While many are decrying McCain’s failure to mention the middle class in his debates, other classes have received far less mention this election season. Outside of derogatory references to Joe Six Pack, and the need for health insurance, the poor and working classes of America seem to have been largely excluded as a talking point.

In 2005, author John Scalzi wrote a simple but brilliant essay on what being poor is in reality for millions of Americans. Among his observations:

- Being poor is hoping the toothache goes away.
- Being poor is thinking $8 an hour is a really good deal.
- Being poor is relying on people who don’t give a damn about you.
- Being poor is an overnight shift under fluorescent lights.
- Being poor is six dollars short on the utility bill and no way to close the gap.
- Being poor is people surprised to discover you’re not actually stupid.
- Being poor is knowing you work as hard as anyone, anywhere.
- Being poor is getting tired of people wanting you to be grateful.
- Being poor is people who have never been poor wondering why you choose to be.
- Being poor is knowing how hard it is to stop being poor.

Several hundred people added their own observations to Scalzi’s essay, making it perhaps one of the most definitive oral descriptions of poverty in recent years. Poorness, we learn, isn’t just a number –- it’s not just a salary or a neighborhood –- but something that encompasses every facet of a a person’s life, from health and social opportunities, to where we live, and whom we can attract as a partner.

Poverty carries an emotional and stigmatizing price. It’s losing teeth at a young age because a $600 root canal or 50% co-pay is unaffordable, and then losing out on social and job opportunities because of a marred appearance. It’s not being able to afford to pay a $50 fine for a traffic violation, and ending up in jail.

It’s having to sell everything you own to pay the rent for just one month. Or losing your ID or drivers license and not being able to afford to replace them. It’s having no credit and no cash for a flat tire or any other emergency. It’s having poor credit, and being charged exorbitant interest rates, and paying higher rates for auto insurance than even drunk drivers pay. It’s a life where nearly everyday comes with some anxiety, panic, or dread.

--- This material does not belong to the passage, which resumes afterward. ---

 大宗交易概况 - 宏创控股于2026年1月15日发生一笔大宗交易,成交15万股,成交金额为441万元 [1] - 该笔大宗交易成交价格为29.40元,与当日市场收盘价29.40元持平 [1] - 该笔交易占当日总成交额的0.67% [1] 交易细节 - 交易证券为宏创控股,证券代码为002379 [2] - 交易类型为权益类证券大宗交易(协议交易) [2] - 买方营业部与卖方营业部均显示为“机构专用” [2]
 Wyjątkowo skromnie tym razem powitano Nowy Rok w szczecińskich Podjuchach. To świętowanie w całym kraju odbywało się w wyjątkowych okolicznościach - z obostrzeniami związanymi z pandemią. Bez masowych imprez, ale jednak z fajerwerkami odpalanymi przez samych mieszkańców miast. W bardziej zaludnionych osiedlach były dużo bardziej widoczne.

To live in poverty is to be hastily judged, and told you should have taken better care of your teeth to start with, and that if you can’t afford a car you shouldn’t drive one –- never mind how your teeth got damaged, or whether or not you have bus service in your neighborhood. It’s being denied employment opportunities based on your faded clothes or credit score.

It’s being thought of as irresponsible even when you have made your paycheck stretch as far as it could go. It’s buying a .79 cup of coffee at the convenience store in the morning on the way to work and having someone, likely a better-off relative, tell you that this is why you’re poor and can’t afford to pay your rent –- because you waste your money. It’s knowing that no matter what you do, or how hard you try, someone will view you harshly because you have not risen to their class level.

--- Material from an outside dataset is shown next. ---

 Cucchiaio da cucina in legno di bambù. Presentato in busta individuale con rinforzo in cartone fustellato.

It’s hearing the rags to riches stories, looking desperately for hope, only to learn about the privileged circumstances, inheritances, benefactors, or rare open doors that led to success. It’s hearing how all those things are negated by successful people when they talk about “working hard” and “creating their own luck”. It’s waking up every day to face a society that believes its own American dream cliches, but that puts no stock in the truth of your own story.

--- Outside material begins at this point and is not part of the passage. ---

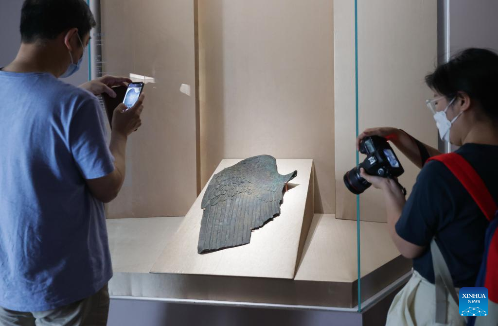 A visitor takes photos of an exhibit at the exhibition titled "Tota Italia -- Origins of a Nation" at the National Museum of China in Beijing, capital of China, July 11, 2022.

This is what poorness in America is, and unfortunately it is largely misunderstood, ignored, or viewed as an incurable plight. It’s a particularly grim and harsh story in a society where the pursuit of happiness is a constitutional right, but where there’s really no such thing as a level playing field. Presently, the circumstances that help create happiness – including those as basic as personal security, health, food, and shelter – are increasing in price while wages and job opportunities stagnate, leaving the poor poorer, and millions more at risk.

20 comments to Poverty Series II: What is Being Poor in America?

  • Pirate Queen

    Another deep layer of your heart bared for all of us to see and share. Your strengths are profound, Jane. Your voice is crystal clear. The pain is wrenching.

    I see every one of the fears, and more, in too many pairs of eyes of my students. No matter what town or city I’ve taught in, there’s always been the dozens of children who bear the profound ache of hunger, displacement, uncertainty, all of which are troweled across their faces and emanate from their souls through their eyes.

    I cannot, and will not, avert my eyes from theirs. They need to be seen by the same eyes as I view their peers. I try to send them rays of every emotion I can muster to let them feel that they are NOT less than any another person in the room, for they are not.

    And, as it is for the children of poverty, so it is for me: I will never forget. I will never forget a single one of those children and what they told me, not on paper, but from their souls.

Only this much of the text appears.